→ **PROBLEM STATEMENT**
Please, from the entries below, transcribe exactly the lines that begin at the line with "世界探險(xiǎn)每一關(guān)成" and end at the line with "When they got", without the pictures.

→ **DATA**
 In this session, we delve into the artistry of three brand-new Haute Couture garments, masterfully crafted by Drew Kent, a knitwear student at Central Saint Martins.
---
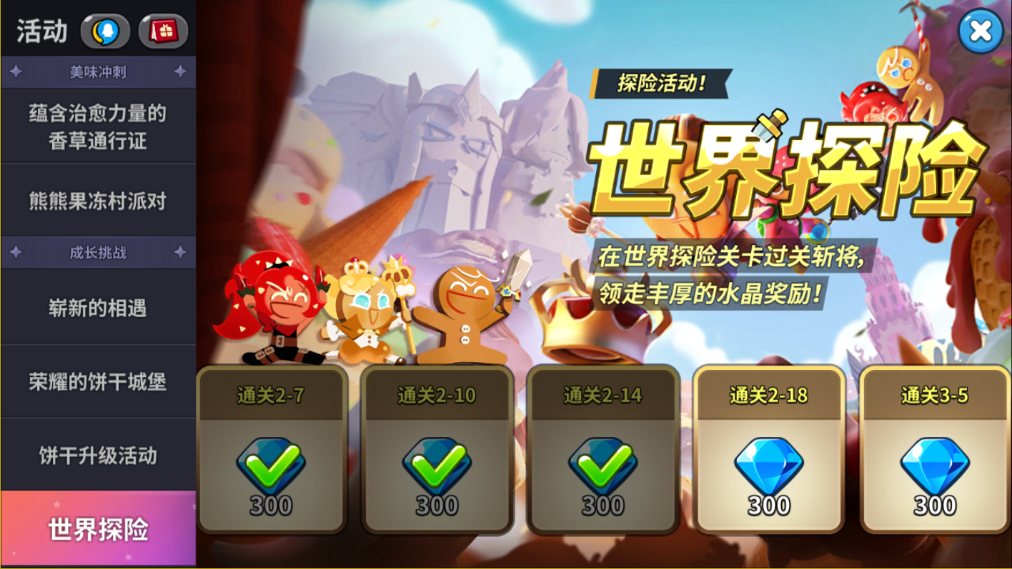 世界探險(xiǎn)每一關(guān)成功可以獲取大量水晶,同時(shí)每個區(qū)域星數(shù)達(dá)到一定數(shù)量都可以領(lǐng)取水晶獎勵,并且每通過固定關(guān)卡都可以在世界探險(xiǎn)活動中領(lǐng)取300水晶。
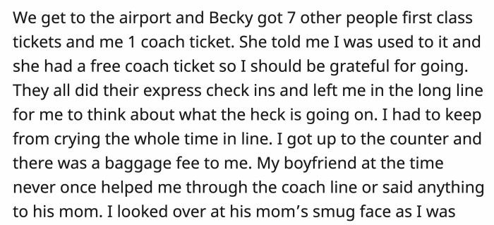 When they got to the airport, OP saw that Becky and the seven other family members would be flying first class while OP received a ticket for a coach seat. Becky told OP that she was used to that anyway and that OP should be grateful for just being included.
--
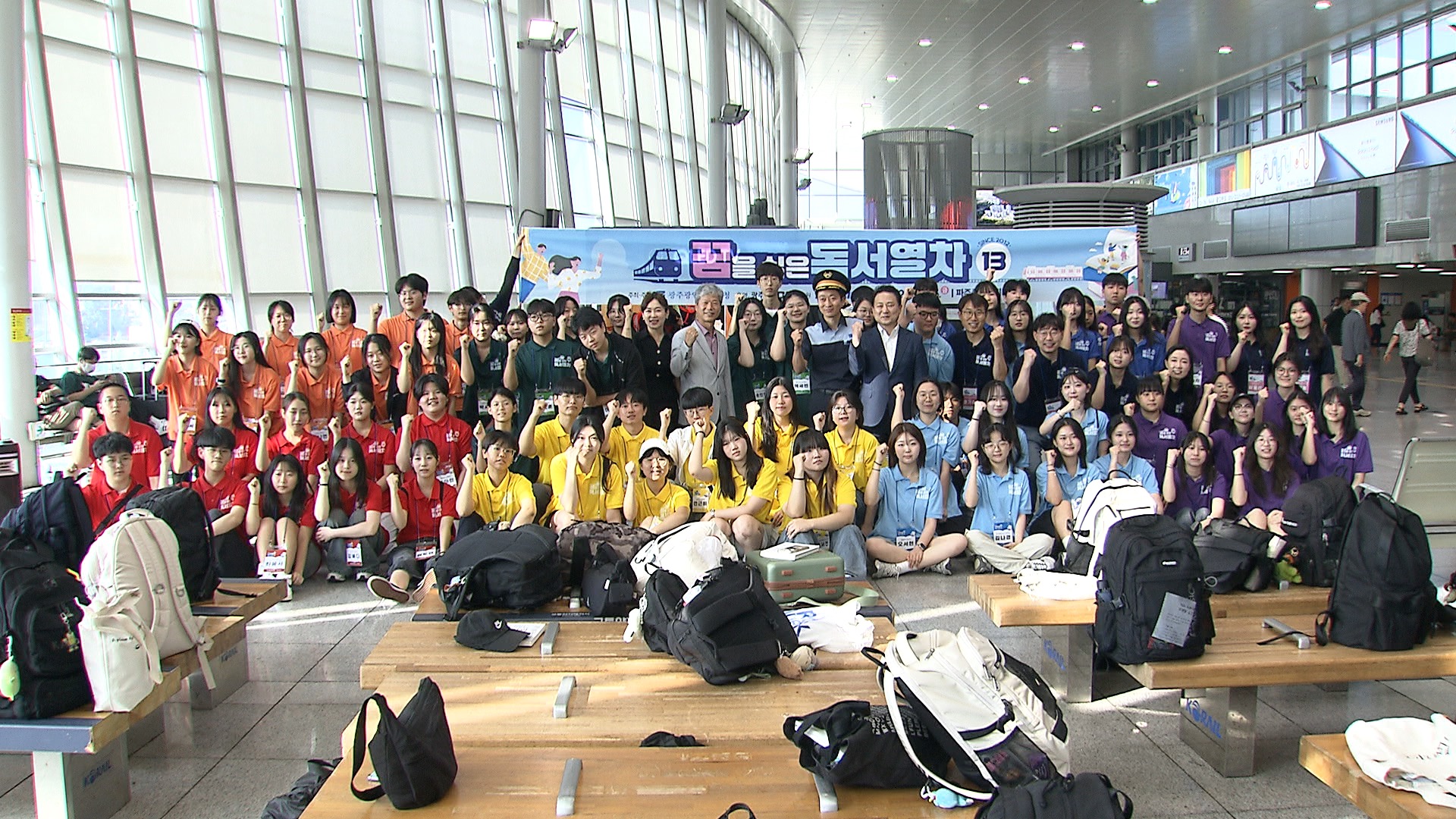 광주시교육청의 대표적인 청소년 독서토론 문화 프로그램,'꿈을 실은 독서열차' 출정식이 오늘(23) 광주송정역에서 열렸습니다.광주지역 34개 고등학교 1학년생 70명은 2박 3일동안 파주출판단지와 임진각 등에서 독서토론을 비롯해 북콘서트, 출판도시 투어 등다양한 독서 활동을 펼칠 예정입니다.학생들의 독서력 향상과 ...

→ **ANSWER SECTION**
 世界探險(xiǎn)每一關(guān)成功可以獲取大量水晶,同時(shí)每個區(qū)域星數(shù)達(dá)到一定數(shù)量都可以領(lǐng)取水晶獎勵,并且每通過固定關(guān)卡都可以在世界探險(xiǎn)活動中領(lǐng)取300水晶。
 When they got to the airport, OP saw that Becky and the seven other family members would be flying first class while OP received a ticket for a coach seat. Becky told OP that she was used to that anyway and that OP should be grateful for just being included.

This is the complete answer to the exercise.